The TSP asks, given a finite set $V$ of points in $\Bbb R^2$, to find the shortest path that passes through all points and returns to the starting point. Trivially, one reduces to the case of a path that consists only of straight lines between elements of $V$, but the resulting combinatorial problem is quite difficult in general, and TSP is known to be NP-complete.
However, it is solvable in many concrete cases, and I am sure that the $n$-gon is one of them. It is intuitively reasonable that the perimeter of a regular $n$-gon is the solution to TSP on the vertices, but how would you prove it?
Can the proof be generalized to any convex polygon?
Take a path $P$ through all the points in a convex polygon. It can be specified by enumerating the vertices it touches in order: $P=\{v_1, \cdots, v_n\}$.
If it isn't the perimeter, it cuts itself at some point in the interior. Proof: Take a segment $[v_i, v_{i+1}]$ that's not a side. It splits the polygon into two parts. They must be joined together by another segment for $P$ to be closed. Therefore, there's another segment that intersects it.
Let $[v_i,v_{i+1}]$, $[v_j,v_{j+1}]$ be two segments that intersect. Then, the path obtained by exchanging $v_{i+1}$ and $v_j$ (that is, $P'=\{v_1,\dots,v_i,v_j,v_{j-1}\dots,v_{i+1},v_{j+1},v_{j+2},\dots,v_n\}$) is shorter than $P$. Proof: The lengths of $P$ and $P'$ are the same except for the difference between $d(v_i,v_{i+1})+d(v_j,v_{j+1})$ and $d(v_i,v_j)+d(v_{i+1},v_{j+1})$. The second should be smaller because it uncrosses the segments.

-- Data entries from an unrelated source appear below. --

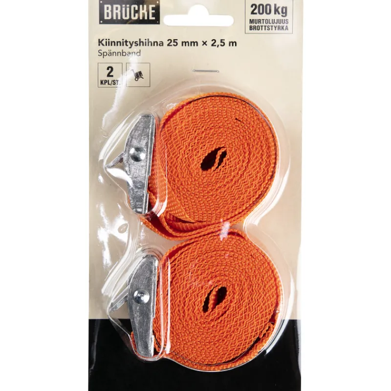 Oranssi Brücke-kiinnityshihna soveltuu erilaisten kuormien sitomiseen ja pitävään kiinnittämiseen. Liinan leveys 25 mm ja pituus 2,5 m. Taakkaliinan murtolujuus on 200 kg. Pakkauksessa on 2 kpl taakkaliinoja.
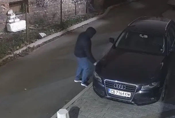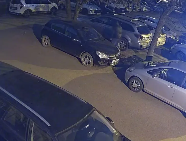 На няколко видеоклипа, заснети от охранителни камери, се вижда висок мъж с черно яке с качулка и светли дънки. Той се приближава към някои коли, като в ръцете си държи предмет, вероятно отвертка или нож. Посяга към една от гумите на „набелязаната“ машина, а после продължава по пътя си.
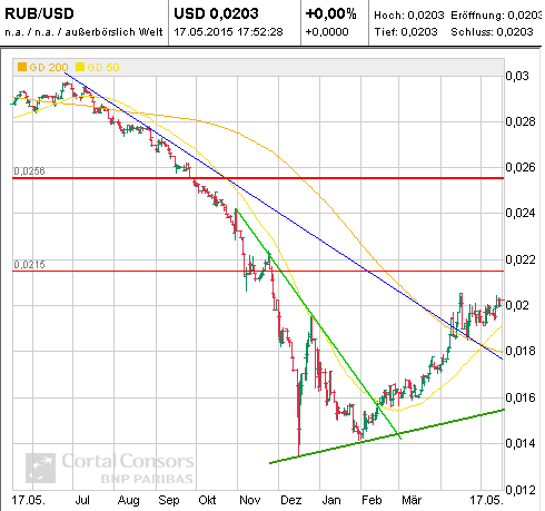 Die Frage ist nur, wird dies auch Dax positiv berühren? Setzt man nicht nur an der Moskauer Börse auf Währungsgewinne, sondern zukünftig auch in Europa? Wenn ja, ab wann? Wenn Euro wieder über seiner 200-Tagelinie notiert?
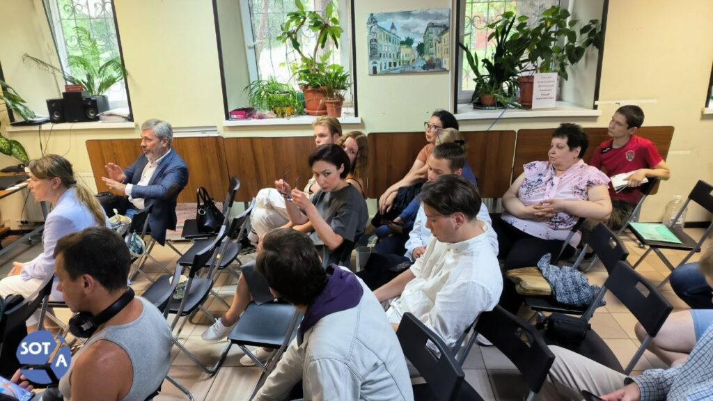 ФотоКандидаты «Депутатской академии» готовятся к предстоящим выборам Фото Кандидаты «Депутатской академии» готовятся к предстоящим выборам Sota Vision 01.07.2023 65 Поделиться TwitterTelegramFacebookPinterestWhatsAppCopy URL SOTA // Михаил Лебедев SOTA // Михаил Лебедев Михаил Лебедев Поделиться TwitterTelegramFacebookPinterestWhatsAppCopy URL Предыдущая статьяПравого активиста Савву Федосеева, задержанного утром в Петербурге, отпустили из отдела полиции без протоколаСледующая статья«Спектакль не может быть преступлением! Следствие не сказало ни одного слова!» Дело Беркович ЧИТАТЬ ЕЩЕ Важное «Как человек проживает свою единственную жизнь в закрытой системе» — в Москве открылась выставка, посвященная жизни в ПНИ 09.12.2025 Важное Суд огласил приговоры остальным фигурантам по «экономическому» делу Фургала 03.12.2025 Важное Бывший полицейский дядя редактора Ura ru Дениса Аллаярова дал показания на племянника по делу о покупке оперативных сводок 21.11.2025 Популярное Украина готова провести выборы в течение 60-90 дней при поддержке США и ЕС — Зеленский 09.12.2025 На активистку Сашу Казанцеву составили два протокола о «пропаганде ЛГБТ» 09.12.2025 Кремлеботы атаковали Мизулину после критики блокировки Roblox 09.12.2025 «Как человек проживает свою единственную жизнь в закрытой системе» — в Москве открылась выставка, посвященная жизни в ПНИ 09.12.2025 Загрузить больше
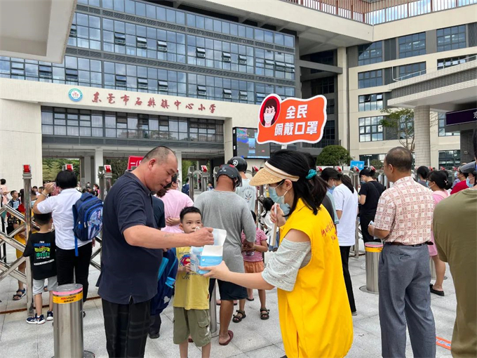 市镇两级媒体开展正确戴口罩、科学规范戴口罩宣传;各镇街志愿者走上街头,向市民群众免费发放口罩,呼吁市民戴口罩;东莞地标建筑滚动播放科学防疫标语,提醒市民群众科学防疫……
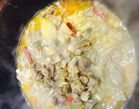...筋,从作法上看,就是加水炖煮,没有过多辅料,保留羊肉本身的纯味,从口感上说,炖的很烂,入口即化
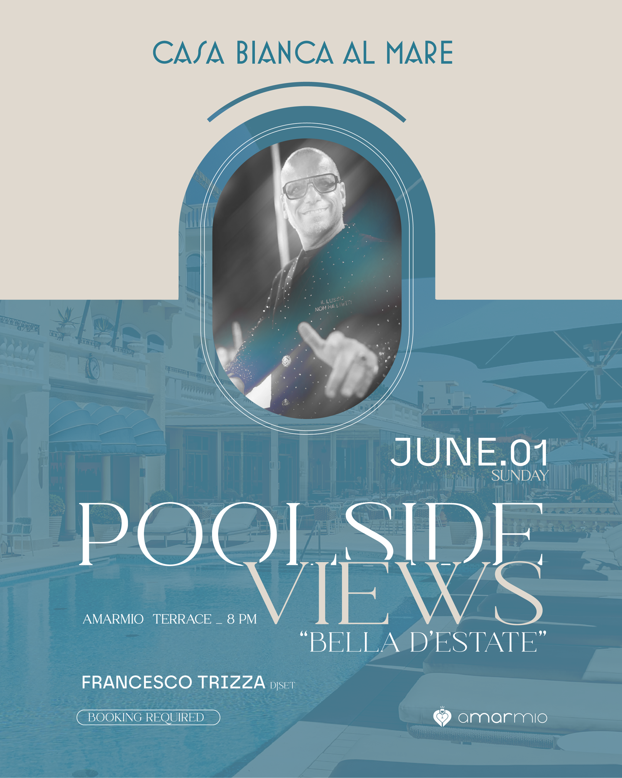 The Bella D’estate event returns to the Amarmio terrace of the Casa Bianca boutique hotel: an evening by the pool, with Mediterranean flavours, music and a view of the sea.
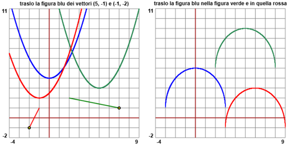 Come si vede nella figura qui a sinistra, la curva verde è stata ottenuta da quella blu traslandola di 5 a destra e di 4 in alto,
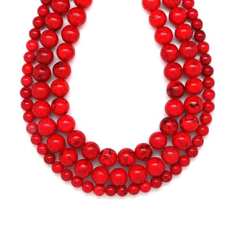 Magnezit piros golyó szinezett 10mm– ékszerkészítő alapanyag (füzér)
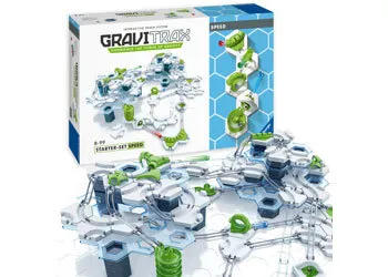 Create your own action-packed marble run obstacle course with this interactive GraviTrax Speed Set construction toy for kids The GraviTrax Speed Set includes height tiles, turns, tunnels, tracks, and 4 different accessories for endless building activities to do on your own or in a group This 185-piece STEM toy offers a screen-free activity that fosters problem solving, creativity and experimentation for kids ages 8 and up Design, build and race the marbles through your own obstacle course tracks and use gravity, magnetism, and kinetics to propel them to the finish.
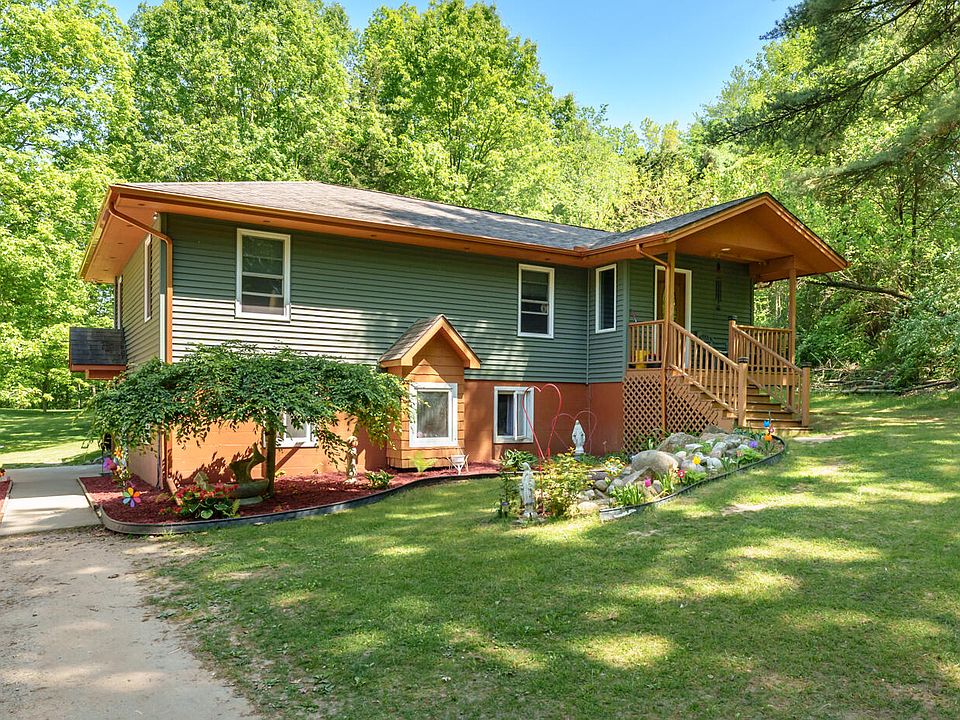 Welcome to this spacious 4 bedroom, 2 bath home, nestled in a private and serene 3 acre paradise! Large kitchen with walk-in pantry and breakfast bar will make cooking a joy! Dining area, two bedrooms, full bath, and living room with French glass doors leading out to a large deck complete the main floor. On the lower walkout level, you will enjoy the family room, 2, (possibly 3) bedrooms, full bath and laundry. All rooms are spacious! The walkout level features a side entry door that leads to the detached 18x24 building that could be used for office space, storage, or could be converted into a garage. Large private backyard surrounded by gorgeous tall trees. Nicley maintained home ready for new owners. Come take a look today, this one won't last long!
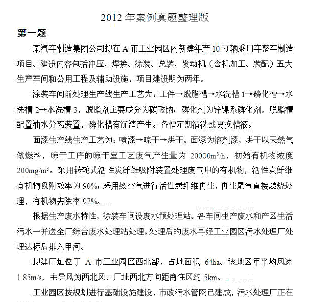 2012年環(huán)境影響評價(jià)師《案例分析》真題及答案(完整版)
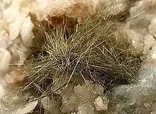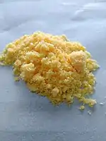 Nickel is one of the metals that can form Tutton's salts. The singly charged ion can be any of the full range of potassium, rubidium, cesium, ammonium (), or thallium.[37] As a mineral the ammonium nickel salt, (NH4)2Ni(SO4)2 · 6 H2O, can be called nickelboussingaultite.[38] With sodium, the double sulfate is nickelblödite Na2Ni(SO4)2 · 4 H2O from the blödite family. Nickel can be substituted by other divalent metals of similar sized to make mixtures that crystallise in the same form.[39]
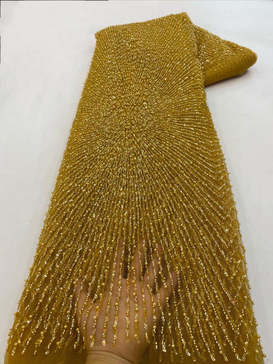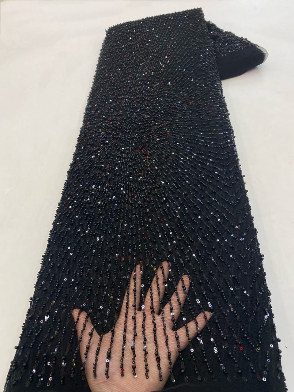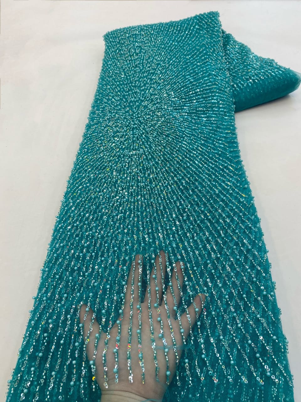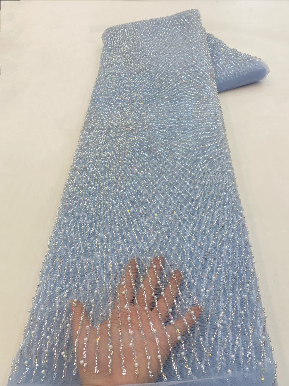 Esta tela de alta calidad se mide en 5 yardas con cuentas bordadas y lentejuelas. Es suave, muy delicado y bonito.
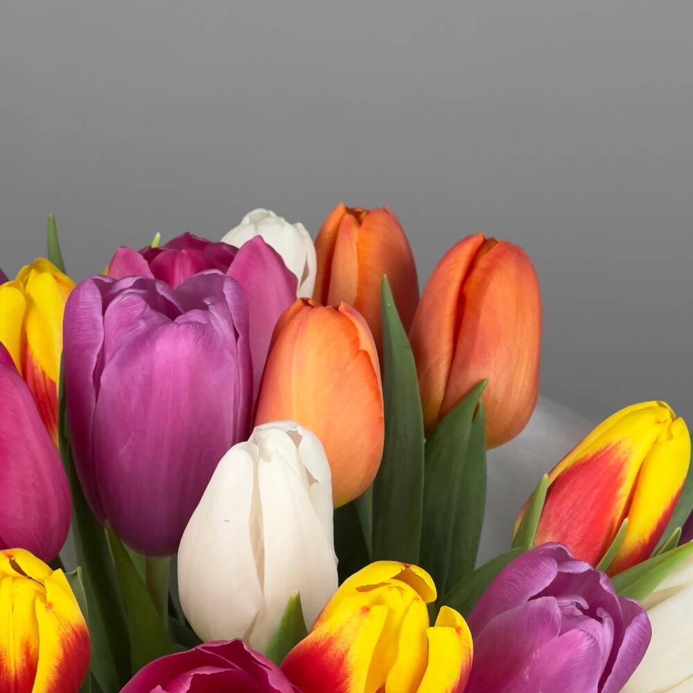Роскошный букет из тюльпанов самых жизнерадостных оттенков. Его яркость и свежесть говорят громче слов – просто подари настроение!
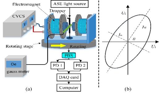 反之,将微纳光纤浸入磁流体,基于光偏振态的检测,还可实现对矢量磁场的实时测量(IEEE J. Lightwave. Technol., 2018, 36(9): 1620-1625, SCI二区TOP),该磁场传感器具有响应速度快的优点。研究发现,待测磁场存在一个诱导磁性纳米颗粒产生自排列的阈值。若磁场强度大于该阈值,磁流体的磁光二向色性对微纳光纤的偏振调制具有非常长的时间响应。所以,该传感器只能测量小于检测阈值的变化磁场。(报道网址://ieeexplore.ieee.org/document/8226752)
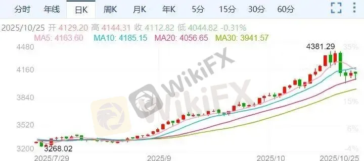 黄金本周经历了波动行情,周初先出现上涨,随后大幅下跌至4000美元支撑区间附近。成交量上升暗示可能正在形成顶部,而在近期抛物线式上涨后,回调至3800美元被视为健康的正常化走势。
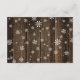 Cartão de pedido de livro para chã de bebê com tema de inverno rústico. Este design moderno apresenta luzes de corda e flocos de neve em um fundo de madeira escura.
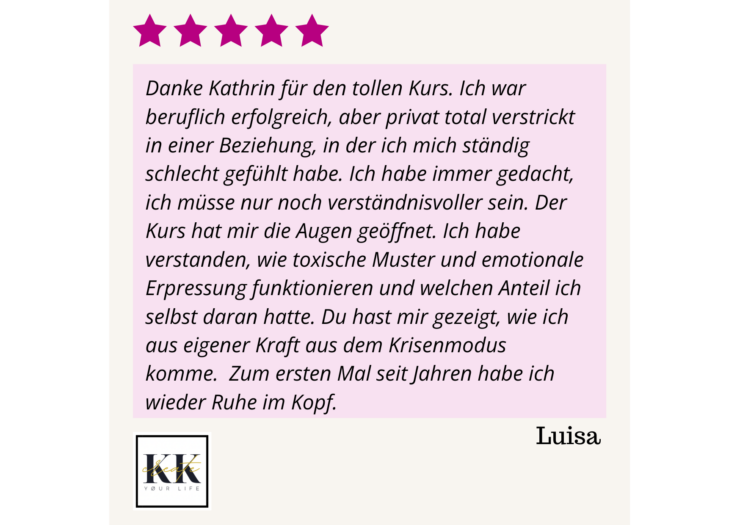 Erlaube dir wieder die Freiheit du selbst zu sein. Mit einem neuen Selbstbewusstsein und neuem Verständnis für toxische Dynamiken und wiederkehrende Muster in deinen unglücklichen Beziehungen wirst du dich aus diesen befreien und selbstbestimmt glücklichere Beziehungen gestalten können.
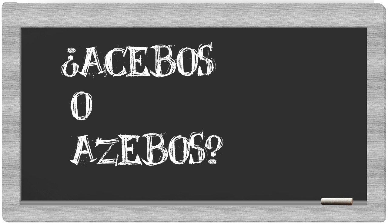 Cuando se trata de la elección entre acebos y azebos, no deberías titubear, puesto que únicamente acebos es la opción correcta según las normas ortográficas. Por otro lado, azebos no figura en el Glosario de la Real Academia Española.
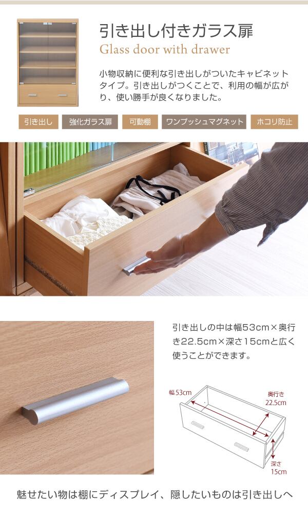 [内寸](上下部)幅56×奥行23.5×高さ35cm(上飾り棚小)幅55.5×奥行2.5×高さ13.5cm(上飾り棚大)幅55.5×奥行2.5×高さ26cm(下飾り棚)幅55.5×奥行2.5×高さ41cm(可動棚)幅56×奥行22.5×厚み1.8cm(3.2cmピッチ5穴)
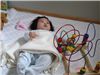 Felicia一邊玩珠珠, 一邊抬頭看會飛飛的窗簾

It follows that the perimeter is the solution to the TSP for convex polygons, because for any other path you can uncross any two intersecting segments and get a shorter one.
Note: As stated in the comments, this proof works for non-degenerate convex polygons. In the degenerate case, we can remove the degenerate points and the solution for the resulting polygon will be a solution for the original one.